Resurrezione, sì, cioè felicità di poter essere quello che desiderava nel profondo, che tutti desideriamo, una persona vera, senza maschere o avventure che sono come una fossa che ingoia.

Sono quei pensieri e desideri che solo Dio riesce ad ispirare, facendosi strada con il Suo Amore nella nostra esistenza. Il nostro Dio non è mai dolore o disprezzo, ma solo volontà di Bene: per noi desidera solo la pienezza della vita e, quindi, la gioia del vivere.

È Lui che può ravvivare la sorgente di acqua viva che con il Suo stesso Spirito ci è stata donata: sorgente zampillante per la vita eterna.

Davvero immenso il dono della salvezza che ci è donato, in un mondo che non sa cosa voglia dire aiutare a risorgere, che rende spesso la vita amara e sbagliata.

Dio è amore e altro non fa che ‘cercare la pecorella smarrita’. Ricordiamolo sempre: il Suo Amore non punta il dito come facciamo noi contro chi sbaglia – e tutti sbagliamo! – Ma continua sempre, pazientemente, a tenderci la mano e il cuore per riabilitarci, sollevarci, rasserenarci. Davvero meraviglioso Dio!

La Samaritana, vedendo ormai con chiarezza la via della vera vita, indicatale da Gesù, cambia tutto: questa è la conversione, che ha come frutto immediato il forte desiderio di partecipare della grazia ricevuta i fratelli. Va a cercare i suoi compaesani, proprio i suoi giudici. Non c’è più amarezza o rabbia nel suo cuore: è diventata un’altra creatura, una donna vera.

Come vorremmo anche noi, durante questo nostro cammino quaresimale, ritrovare la gioia. È possibile: cerchiamo Colui che ci cerca … rendiamoci disponibili all’incontro con l’unica ‘sorgente di vita’, Gesù.

È certo, se vogliamo, Gesù si fa sempre vicino, offrendo il Suo amore, mettendo dietro le spalle quello che forse siamo e non vorremmo essere.
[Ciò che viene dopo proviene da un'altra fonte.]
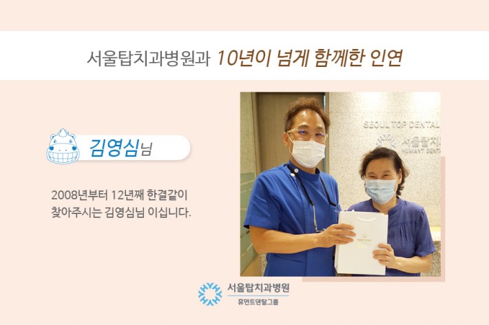 2008년부터 12년째 서울탑치과병원과 함께 하시는 김영심님

Saremo capaci di seguire l’esempio della Samaritana? Non farlo sarebbe scegliere di vivere nella tristezza, che troppo spesso sperimentiamo e fa tanto male.

Gesù ci attende per donarci il Suo Amore che rende diversi.

È l’augurio che faccio a me e a voi in questa Quaresima: come la Samaritana lasciamoci incontrare da Gesù.